NOTA DA SEMANA: O Costa deu à costa

Depois de várias negociações entre as famílias políticas de maior representação no Parlamento Europeu, António Costa viu ser aprovado o seu nome para Presidente do Conselho, decisão tomada pelos representantes de cada Estado que integram a União Europeia em cimeira destinada a esse fim.

Apesar da escolha do nome português não ter merecido a unanimidade dos Países, recorde-se o voto contra da Primeira-ministra italiana, Giorgia Meloni, podemos afirmar que António Costa teve o consenso da generalidade dos Estados, incluindo a Hungria de Viktor Orbán – tendo valido bem a pena a paragem em Budapeste do então Primeiro-ministro português para assistir a uma partida de futebol ao lado do seu homólogo.

António Costa tomará posse como Presidente do Conselho Europeu em Dezembro de 2024, com um mandato de dois anos e meio, e terá pela frente enormes desafios, designadamente a guerra na Ucrânia, mas de igual modo a relação com o novo Presidente dos Estados Unidos da América, sem esquecer o dossier das “sanções” às importações chinesas e o alargamento da própria União Europeia, entre outros desafios.

Embora não seja um cargo executivo, ao contrário do que sucede com a Comissão Europeia, teremos que reconhecer que, não apenas o nosso País é prestigiado com esta escolha, como o lugar em causa se molda na perfeição ao negociador nato que é António Costa.

Contudo, e no momento em que esta crónica é redigida, sabe-se já da vitória na primeira volta das eleições francesas do partido de Marine Le Pen, o Rassemblement Nacional, herdeiro da Frente Nacional, com 33,2% dos votos, o que poderá representar uma viragem na política interna e externa da União Europeia.

Apesar de se aguardar pela segunda volta das eleições francesas, o que se sabe já é que os resultados obtidos representam uma ascensão estrutural da direita representada pela família Le Pen, num cenário em que o número de eleitores participantes foi muito significativo, atingindo 65,5% de participação, bem acima dos 47,5% registados nas eleições de 2022.

O eleitorado francês mobilizou-se, mantendo-se o candidato Jordan Bardella do Rassemblement Nacional e do Partido de Marine Le Pen, como a mais forte hipótese para liderar o Governo Francês.

Por seu turno, Jean-Luc Mélenchon, líder da coligação de esquerda, ficou em segundo lugar com 28,5% dos votos, relegando para terceiro plano o candidato de Emmanuel Macron, da coligação Ensemble e com 21%, o ainda primeiro-ministro, Gabriel Attal.

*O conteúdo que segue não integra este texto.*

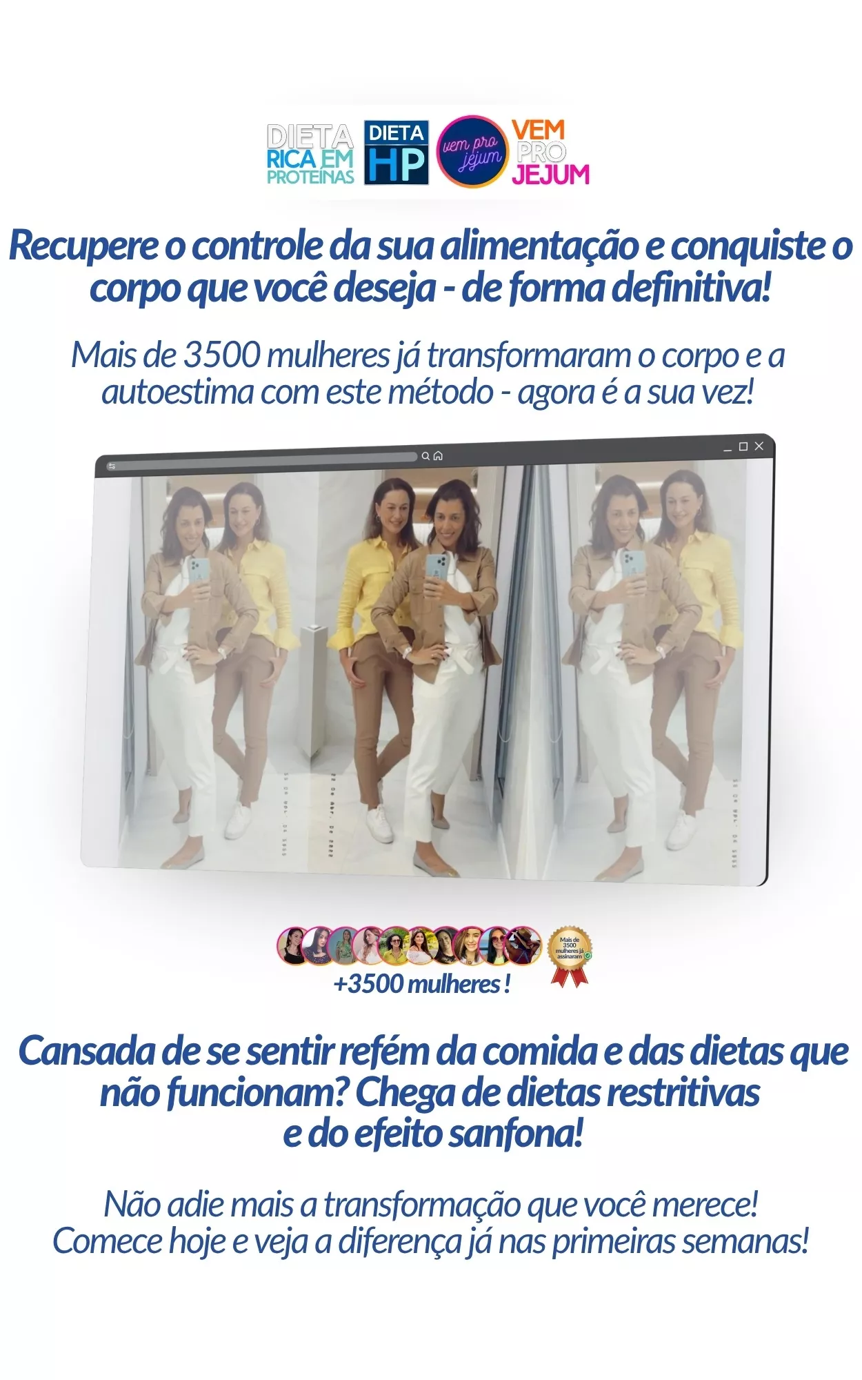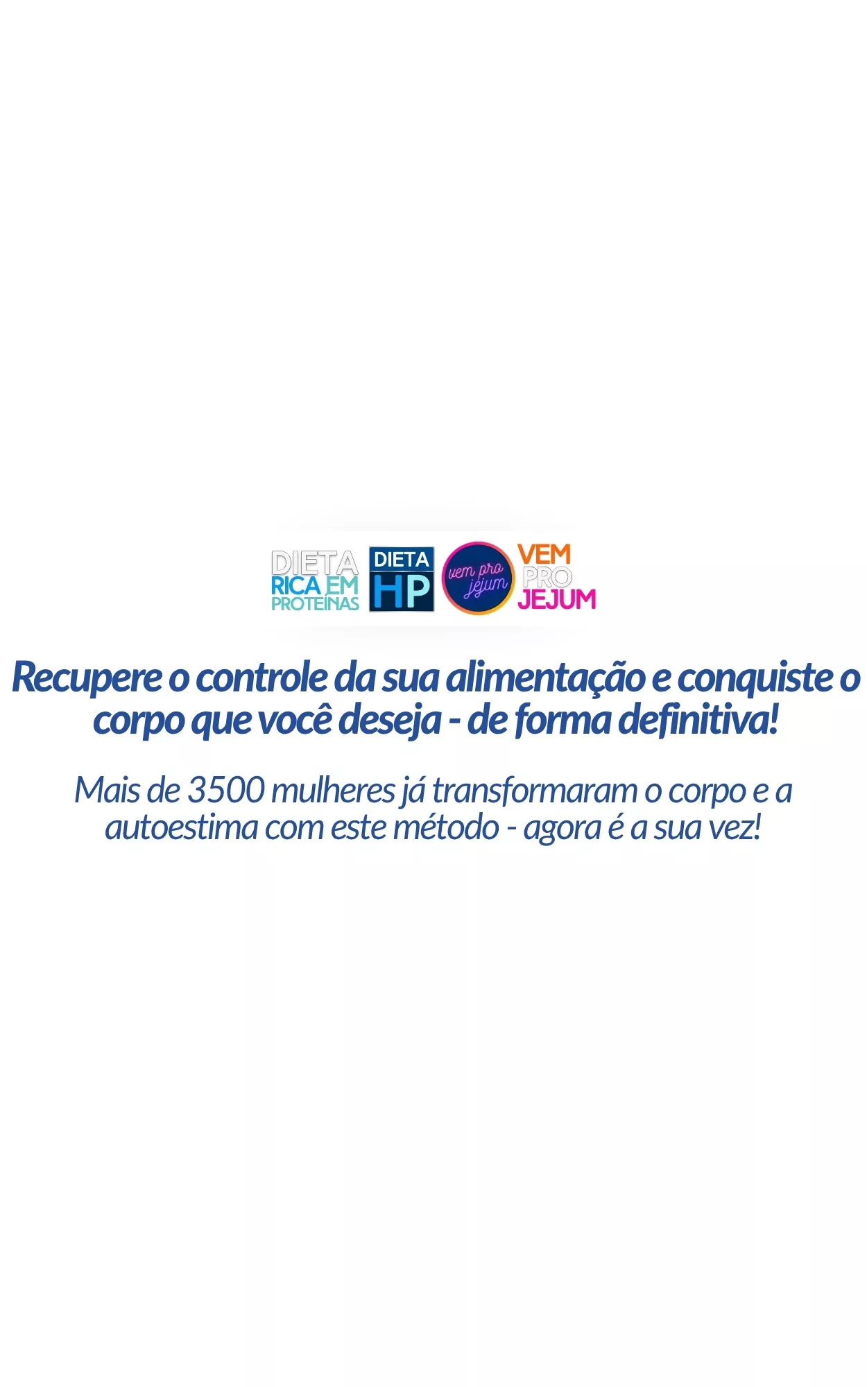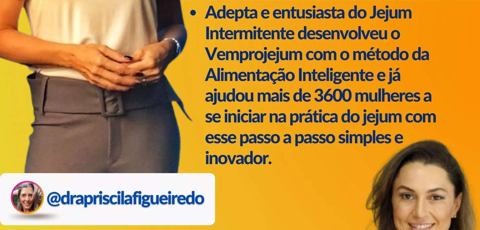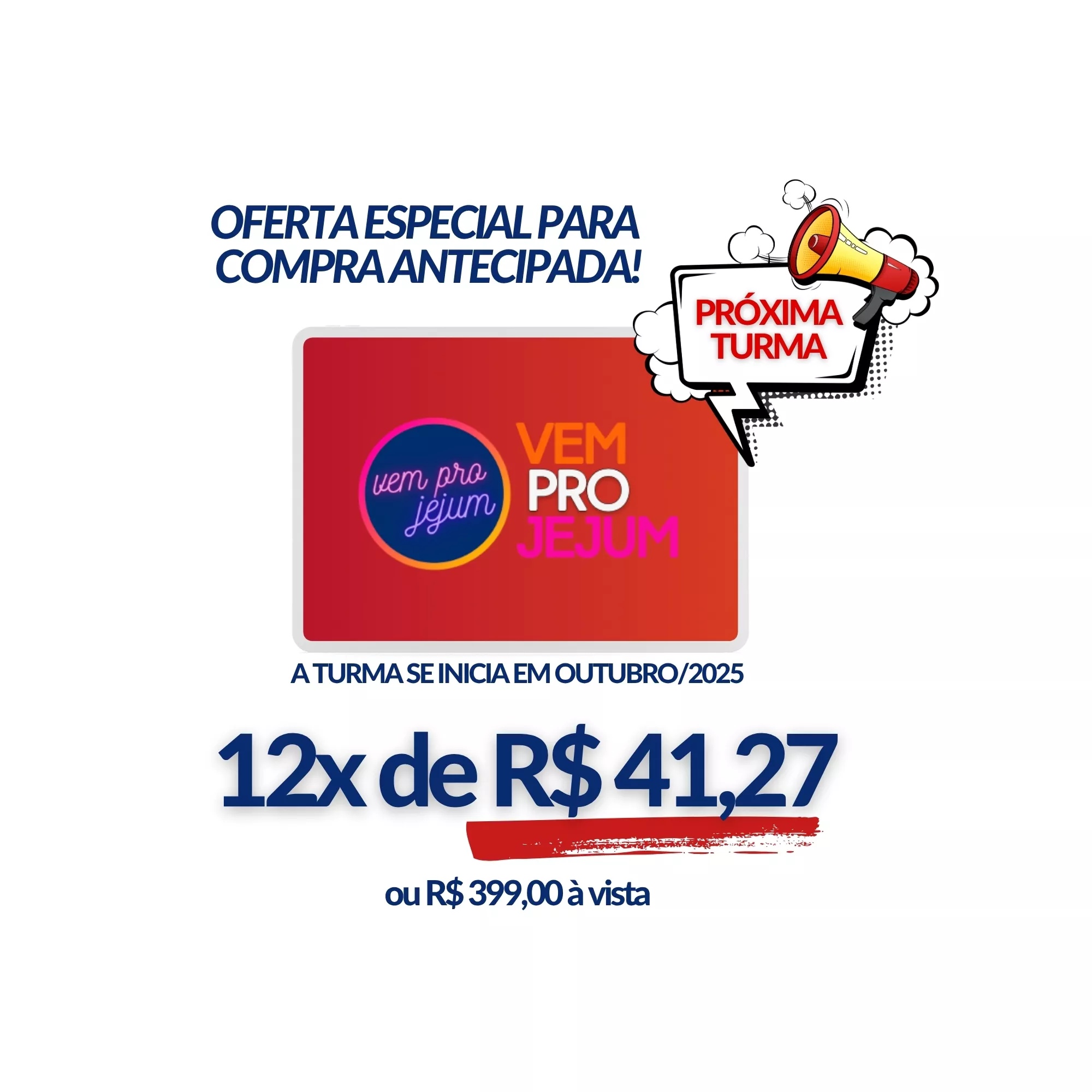 O VEMPROJEJUM é um passo a passo para quem precisa se alimentar bem. Nele você encontra os 3 pilares do método AJT, fundamentados em: 1) conhecer quais os alimentos que mais te ajudam a não exagerar nas calorias; 2) saber qual é a melhor estratégia para programar suas refeições e 3) estar em comunidade, em uma "Tribo" onde todas querem um vida mais saudável com alimentação de qualidade! É, ainda, um guia prático para começar a realizar o jejum intermitente, se você desejar fazê-lo!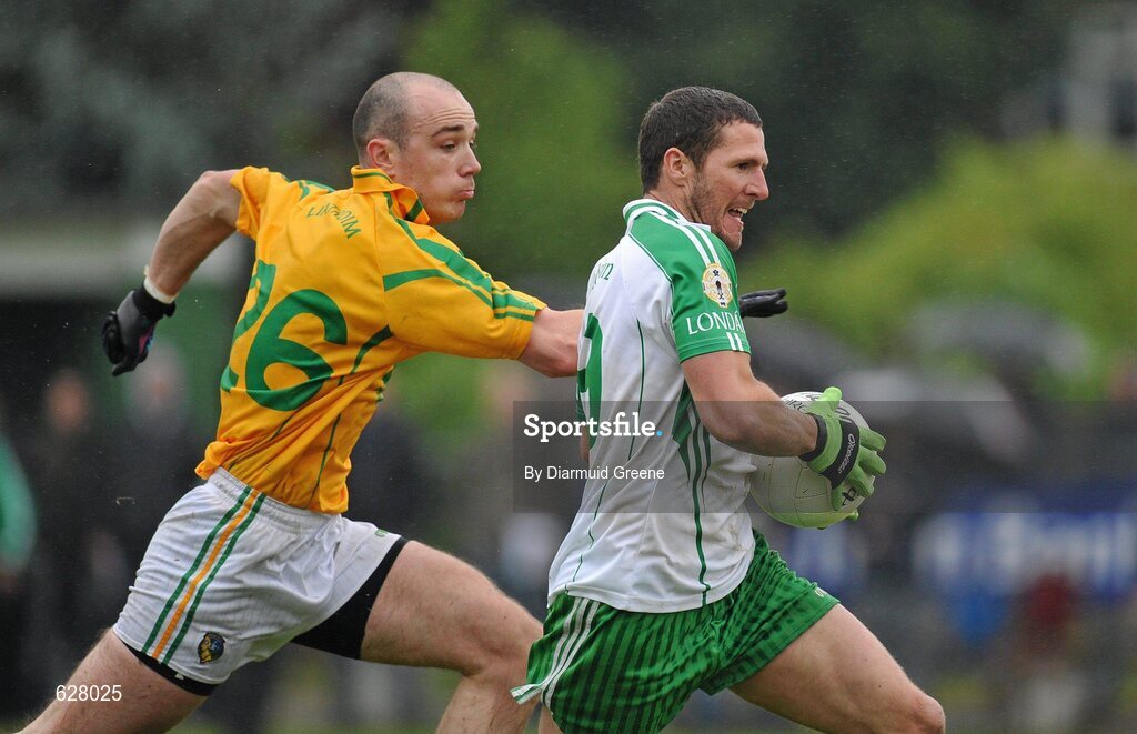 3 June 2012; John Scanlon, London, in action against Robbie Lowe, Leitrim. Connacht GAA Football Senior Championship Quarter-Final, London v Leitrim, Emerald Park, Ruislip, London. Picture credit: Diarmuid Greene / SPORTSFILE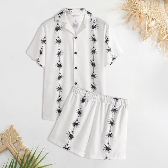 2 шт./компл., женские летние рубашки, шорты, костюм, однобортный с принтом с лацканами, свободные, мягкие, с короткими рукавами, с эластичной резинкой на талии, тонкая повседневная домашняя одежда для отдыха, пляжа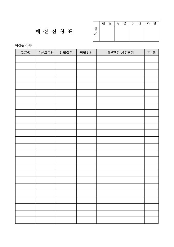 CODE, 예산과목명, 전월실적, 당월신청, 예산편성 계산근거, 비고의 항목으로 구성된 예산신청표 양식입니다.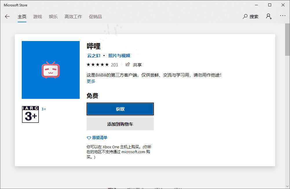 仅限windows10系统才可以安装此应用,打开下面的链接,点击获取,会有一个外部请求,启动应用即可,然后在win10应用商店中,点击获取开始下载。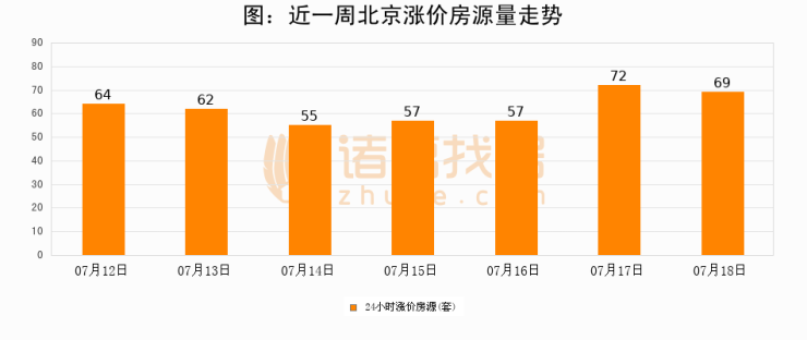根据诸葛找房数据显示,北京24小时涨价房源量为69套,较07月17日减少3套,环比下降4.2%。与此同时,涨价房源占比小幅回落,对于购房者来说是一个入市窗口期,购房者可抓住时机入市。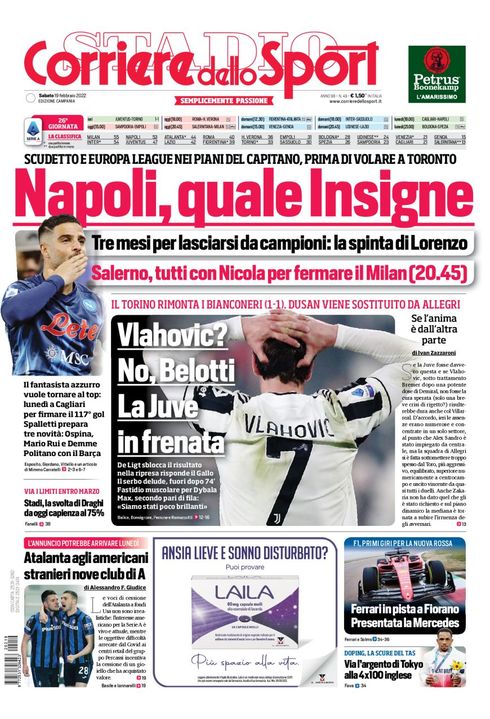 Il Corriere dello Sport, nella sua edizione Campania di oggi, apre in prima pagina con il momento del capitano del Napoli: "Napoli, quale Insigne. Scudetto e Europa League nei piani del capitano, prima di volare a Toronto. Tre mesi per lasciarsi da campioni: la spinta di Lorenzo. Il fantasista azzurro vuole tornare al top lunedì a Cagliari per firmare il 117 gol. Spalletti prepara tre novità: Ospina, Mario Rui e Demme. Politano per il Barcellona". Al centro si parla anche della sfida tra Salernitana e Milan: "Salerno, tutti con Nicola per fermare il Milan" e del pari della Juventus: "Vlahovic? No, Belotti. La Juve in frenata".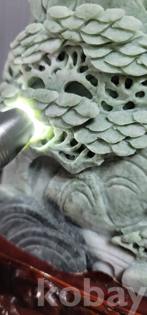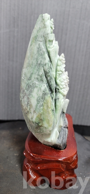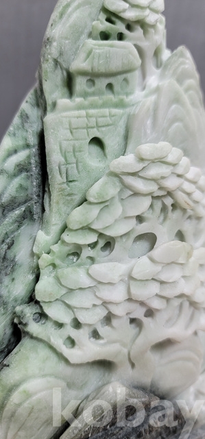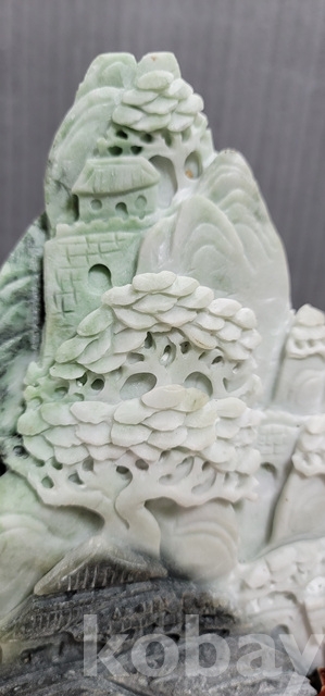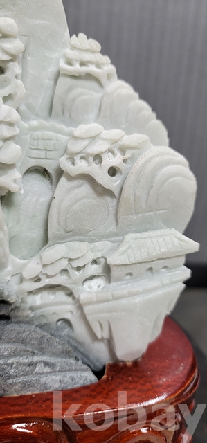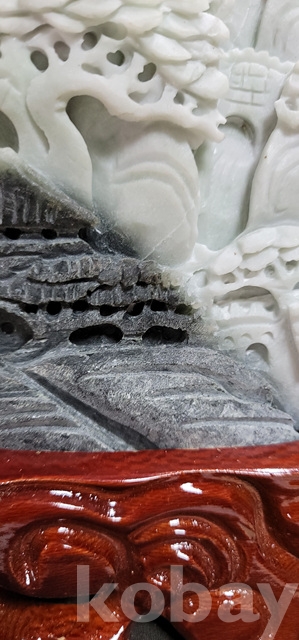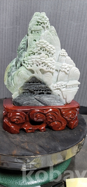 k-39.천연옥으로정교하게깍아만든 산수문양 장식품(통나무로깍은좌대포함)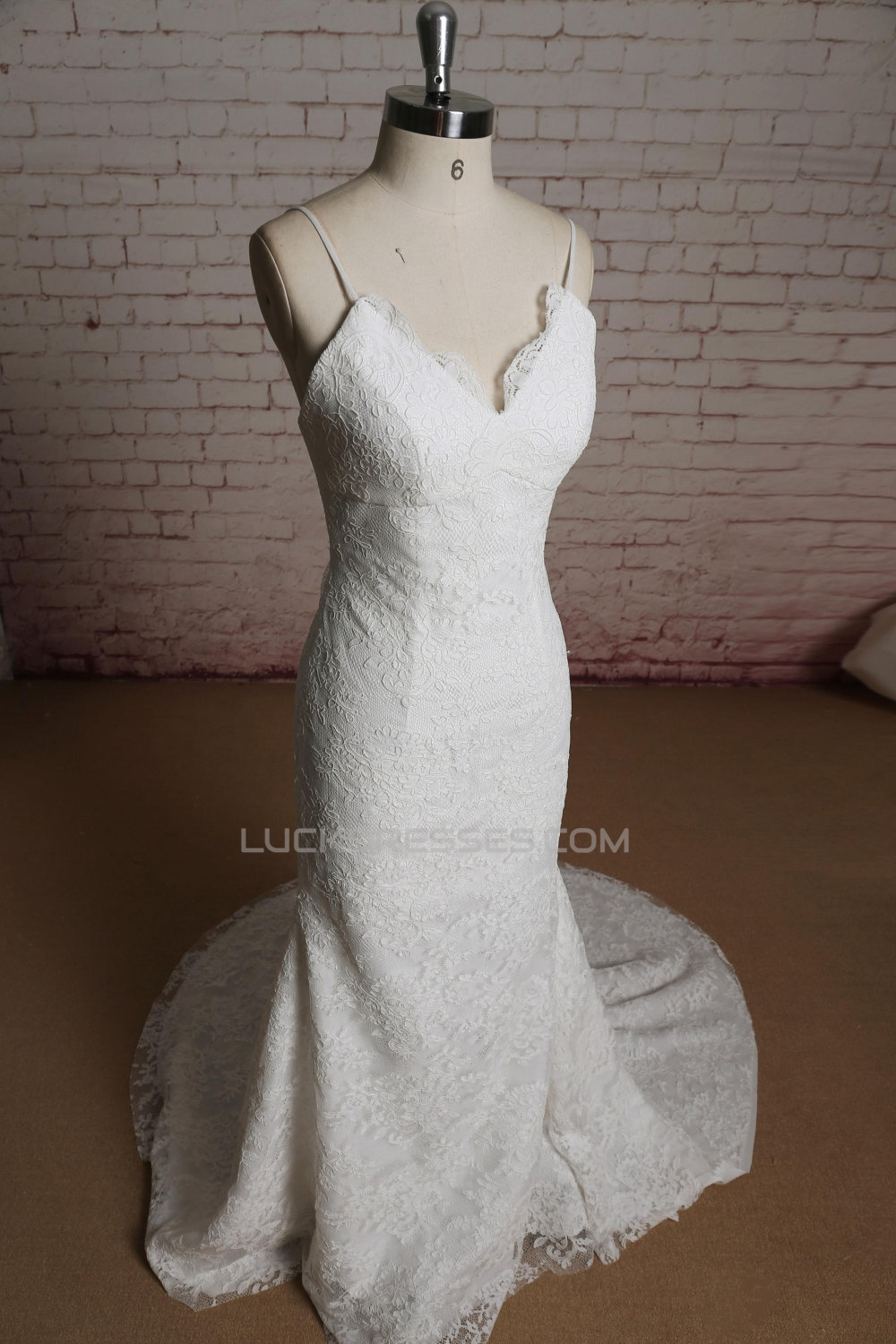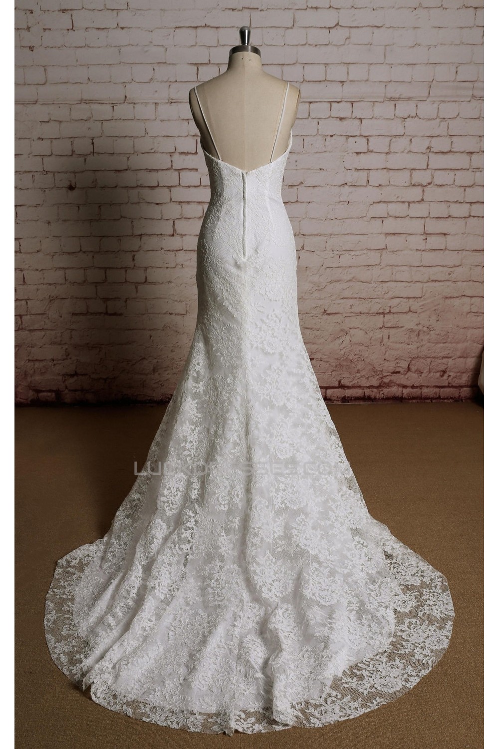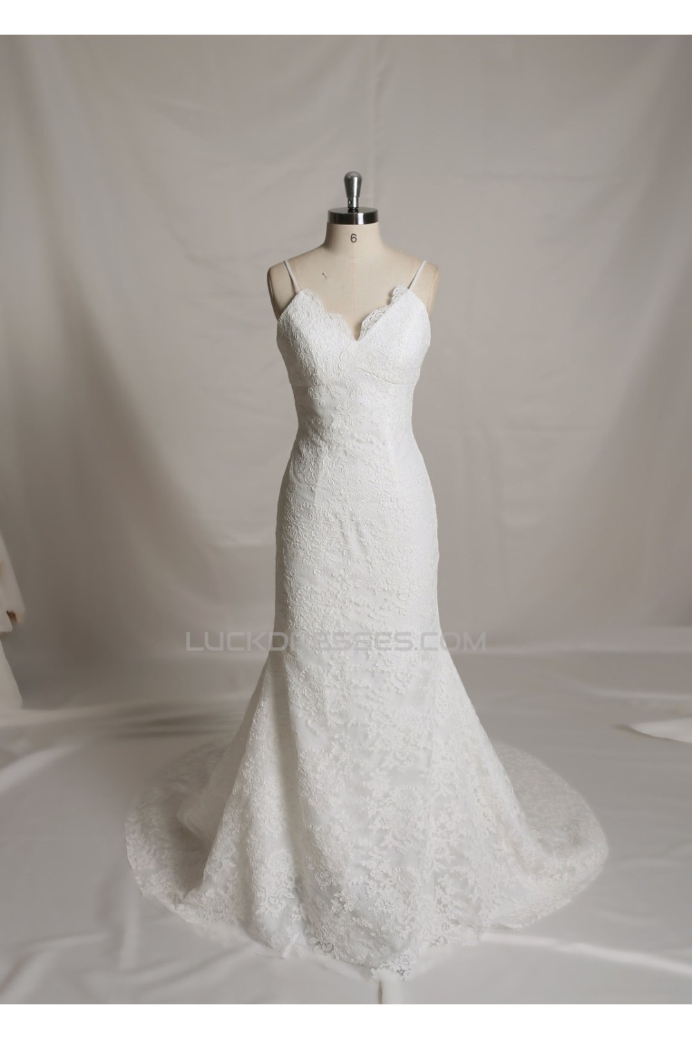 -60% Trumpet/Mermaid Spaghetti Strap Lace Bridal Wedding Dresses WD010684

Seguramente António Costa, como hoje o conhecemos, já estará a preparar a estratégia para qualquer um dos cenários que resultar da segunda volta do escrutínio francês, pois se a extrema-direita poderá suscitar enormes constrangimentos à política externa da União Europeia, a opção da extrema-esquerda não é mais virtuosa.

E Jean-Luc Mélenchon não é seguramente flor que se cheire, pois representa um largo espetro da extrema-esquerda, cujo crescimento tem alicerçado, nos antípodas da política francesa, o partido de Marine Le Pen.

O cenário ideal será a manutenção da coligação de Emmanuel Macron como força dominante, através do apelo ao voto ao centro para evitar os extremismos de ambos os lados, tarefa que não se afigura nada fácil para o Presidente da República Francesa.

A escolha de António Costa para o lugar que este tanto almejava, poderá ter sido providencial, pois no horizonte desenham-se cenários onde as qualidades de promoção de pontes do antigo Primeiro-ministro, nomeadamente entre as esquerdas, conjugadas com a proximidade a Viktor Órban, do lado das extremas-direitas, poderão mitigar, eventualmente, os impulsos mais nacionalistas dos franceses.

Será caso para dizer que Costa, finalmente chegou à costa, depois de meses de contactos e reuniões onde, diga-se, o apoio do atual Governo liderado por Luís Montenegro foi essencial, valorizando a diplomacia nacional, em prol da projeção do nome do País e do estabelecimento de consensos entre os partidos do arco da governação.